**TASK ITEM**
Pictures should be left out while the data beneath this task is written out word for word.

**DATA EXCERPT**
───

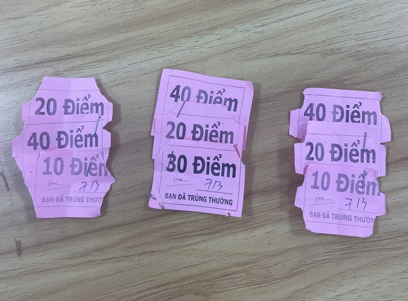 | Các lá thăm có in chữ “điểm”, từ 10, 20, 30, 40 điểm, để người chơi tích điểm để đổi thưởng giải đặc biệt lấy thoại di động Iphone. |
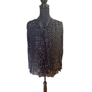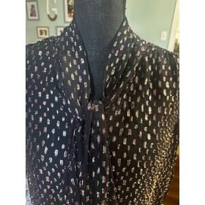 shimmery button-up features a pretty tie at the neck and a touch of Lurex throughout for extra festive vibes. P.S. It comes with a camisole so just the right amount of skin shows through.
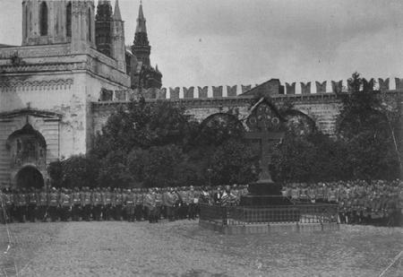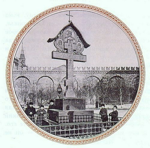 Панихида по великому князю Сергею Александровичу у памятника-креста на месте его убиения на территории Кремля близ Никольских ворот
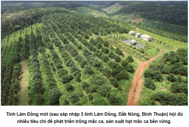 Lâm Đồng mới (sau sáp nhập tỉnh Đắk Nông, Lâm Đồng, Bình Thuận) có những vùng đất đỏ bazan màu mỡ, khí hậu mát mẻ quanh năm, điều kiện lý tưởng cho cây mắc ca sinh trưởng. Sau khi sáp nhập địa giới hành chính, Lâm Đồng chính thức trở thành “thủ phủ” mắc ca lớn nhất cả nước, với gần 16.000 ha.

───

**ANSWER TO THIS EXERCISE**
 | Các lá thăm có in chữ “điểm”, từ 10, 20, 30, 40 điểm, để người chơi tích điểm để đổi thưởng giải đặc biệt lấy thoại di động Iphone. |
 shimmery button-up features a pretty tie at the neck and a touch of Lurex throughout for extra festive vibes. P.S. It comes with a camisole so just the right amount of skin shows through.
 Панихида по великому князю Сергею Александровичу у памятника-креста на месте его убиения на территории Кремля близ Никольских ворот
 Lâm Đồng mới (sau sáp nhập tỉnh Đắk Nông, Lâm Đồng, Bình Thuận) có những vùng đất đỏ bazan màu mỡ, khí hậu mát mẻ quanh năm, điều kiện lý tưởng cho cây mắc ca sinh trưởng. Sau khi sáp nhập địa giới hành chính, Lâm Đồng chính thức trở thành “thủ phủ” mắc ca lớn nhất cả nước, với gần 16.000 ha.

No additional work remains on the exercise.